Sunday, April 24, 2011

Easter Sunday 2011 Sermon - "Gambling on God"

“Gambling on God”, A Sermon preached by The Rev. C. Denise Yarbrough on Easter Day, April 24, 2011 at Church of the Ascension, Rochester, New York

Alleluia, the Lord is Risen!
The Lord is risen indeed, Alleluia!

Do not be afraid. I know that you are looking for Jesus…he is going ahead of you to Galilee. …. Then Jesus said to them Do not be afraid; go and tell my brothers to go to Galilee. (Matt. 28:5,10)

Life is for the gambler. The coward dies. (Anthony DeMello, Wellsprings)
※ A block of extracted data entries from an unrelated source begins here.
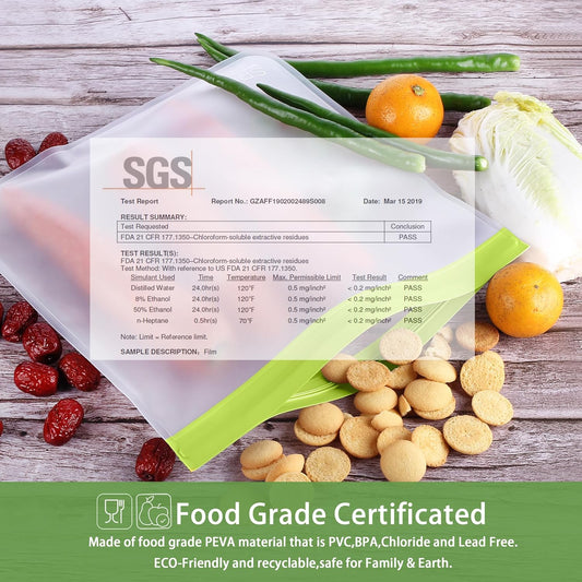 Reusable Silicone Food Storage Bag, for Microwave, Oven, Fridge, Freezer & Sous Vide Zip Sealed Containers (2 Large size 53oz 1500ml)…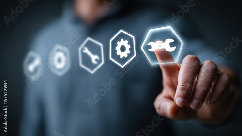 Businessman touching glowing digital icons representing maintenance and repair, futuristic interface with wrench and gear symbols.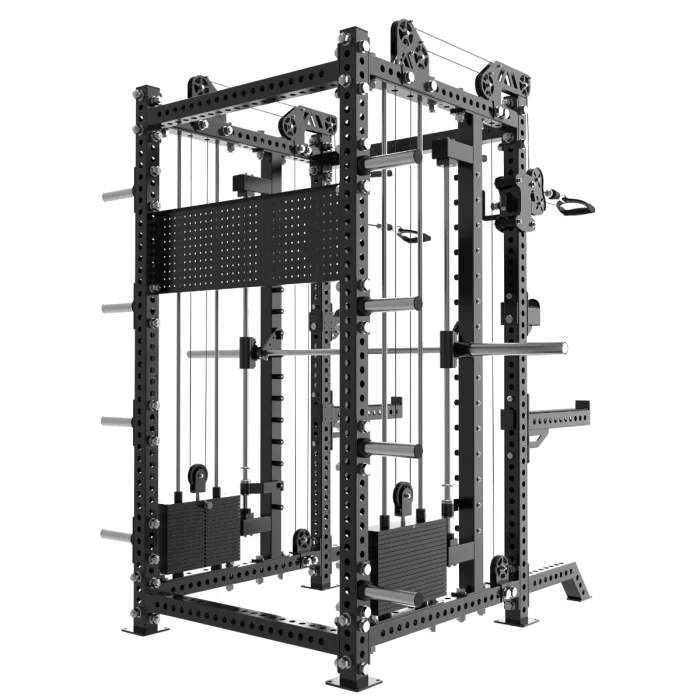 - Gracias a su sistema de poleas ajustables dobles y a su máquina Smith guiada , es posible realizar movimientos como sentadillas, press de pecho, pulldowns laterales, remos, curls de bíceps o extensiones de tríceps con precisión y seguridad.
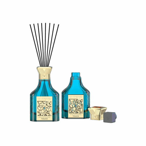 Aquamarine Touch is a sensual, audacious and contemporary scent. It’s a Woody ambery fragrance born from the sea, designed to capture our raw emotions. It opens with notes of Bergamot & Cassis. The heart offers vibrant notes of Pink Pepper and Saffron and Agarwood, the base has seductive amber, musk and leathery notes.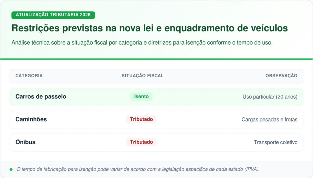 As exceções contidas no texto da Emenda Constitucional são claras e visam manter o equilíbrio da arrecadação estadual. Para visualizar as categorias que não têm direito à isenção de IPVA por tempo de uso, analise o quadro comparativo abaixo: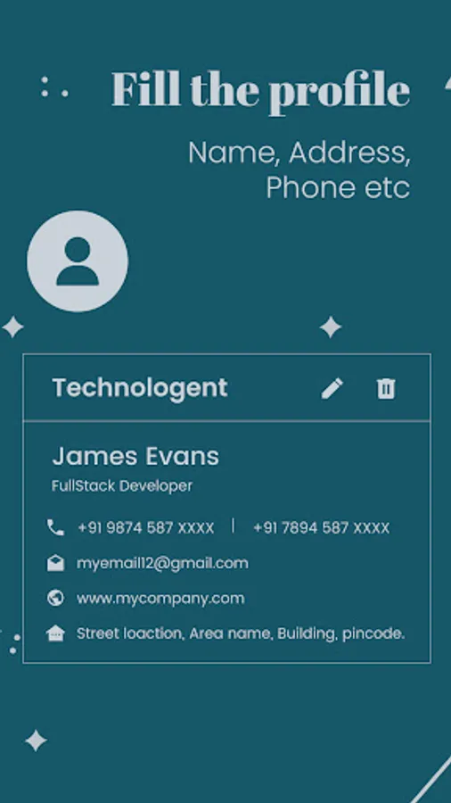Firstly you have to add the details like company name, owner name, profession title, mobile number, phone number, E-mail, website, and address and add the the logo of company or business. Can select the logo from the phone's gallery. Create multiple profiles and manage them to create visiting & business cards.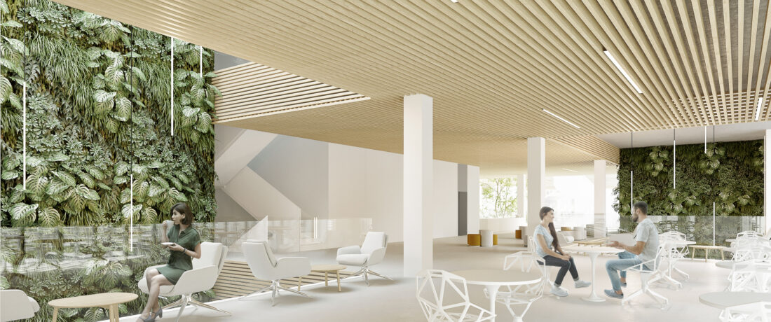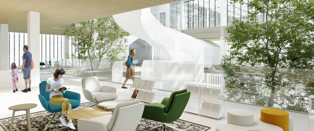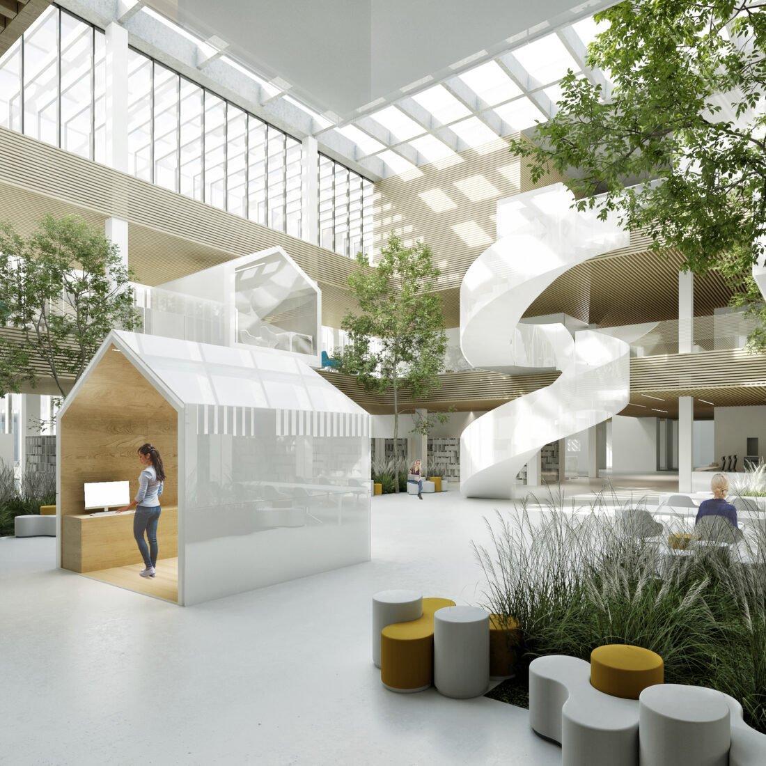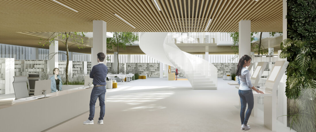 Część centralną budynku Cognitarium stanowi zielone atrium, wokół którego rozbudowane zostały główne funkcje biblioteki, tj. wypozyczalnia, czytelnia, pokoje do pracy indywidualnej, zespołowej oraz ideabox. Funkcje te rozłożone zostały na 3 kondygnacjach. Na styku tych funkcji znajdują się strefy z obsługą biblioteczną, przy której to znajduje się pionowa strefa transportu książek (małe windy towarowe) oraz ogólna strefa wind obsługujących (oddzielnie) pracowników biblioteki oraz uzytkowników.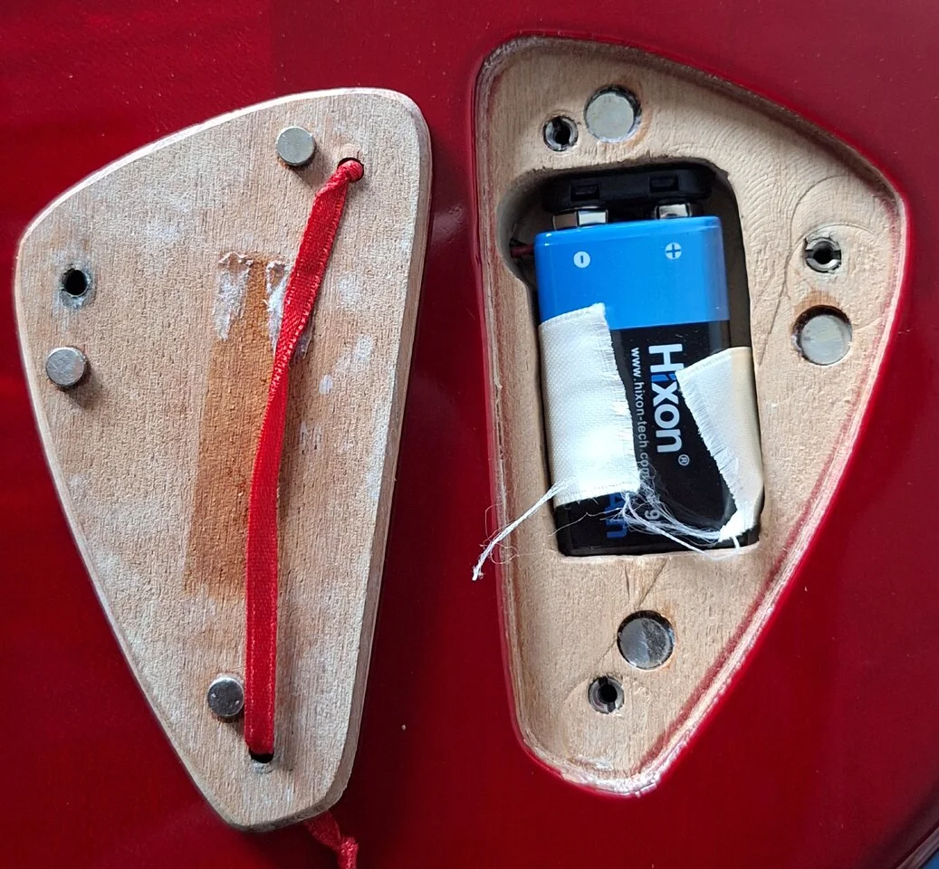 eine mögliche lösung: neuen e-fach-deckel nachkaufen bzw. selber anfertigen, diesen mit batterie-fach ausrüsten und das original für einen evtl. wiederverkauf (vorzugsweise wiederauffindbarDie meisten meiner Bässe haben Schnappfächer.

The first quotation I read you is from the resurrection story according to Matthew and the second are two lines from a book of meditations by Anthony DeMello, a Jesuit priest who wrote extensively incorporating Eastern mysticism into Christian mystical practice. One meditation in that collection (entitled “Wellsprings”) contains those two simple lines and they were lines that transformed my life in profound ways when I first meditated with them well over fifteen years ago. DeMello isn’t, of course, referring to people with an addiction, shoving money into slot machines in casinos. The gambler of which he speaks is the risk-taker, the one who is willing to go out on a limb, to try new things, to go where others fear to tread. The coward is one who tries to be safe, to avoid risk, to shield herself from the vagaries of life’s fortunes. Resurrection is the theme of our Easter celebration and if we pay attention to Matthew’s account of the resurrection we see that fear and courage, death and life are prominent themes. Life is for the gambler. The coward dies.

Matthew’s account is pretty dramatic and certainly has its share of vivid images. In the passion story that we heard last week, at the moment of Jesus’ death on the cross we are told that “the curtain of the temple was torn in two from top to bottom. The earth shook, and the rocks were split. The tombs also were opened and many of the saints who had fallen asleep were raised. After his resurrection they came out of the tombs and entered the holy city and appeared to many.” Now that little detail about all these corpses marching out of their tombs and making appearances around Jerusalem is not much discussed when this story is told, but it certainly is a vivid image. Then we get all the theatrics surrounding the women’s arrival at the tomb early on Easter morning. A great earthquake, an angel descending from heaven who was dazzling white like lightning, the stone rolled back and Jesus nowhere to be found in the place of the dead.. Both the angel and Jesus say the same thing to these women – “do not be afraid” and “go and tell.” How on earth anyone could not be afraid in the face of all that drama is the question of the day, but Jesus and the angel are pretty consistent in their message.

On this day of resurrection, we too need to hear those words, “Do not be afraid.” We live in a fear filled world. A world in which terrorism is rampant, wars rage in various parts of the Middle East, violence mars the landscape of many neighborhoods in our own city. We do live in scary world. Everyone in this room comes to church today harboring some fears - fears about our own personal lives, our professional lives, fears about our faith and how we are living into it or not, fears about relationships, fears about our church, fears about the world. I suspect many of you at Ascension are harboring some fears about what the imminent transition to new leadership is going to mean for your life as a faith community. “Do not be afraid” are the words from Jesus on this most glorious day of resurrection. Fear and resurrection seem to be connected but most of us, I wager, have more familiarity with what fear feels like than what resurrection feels like.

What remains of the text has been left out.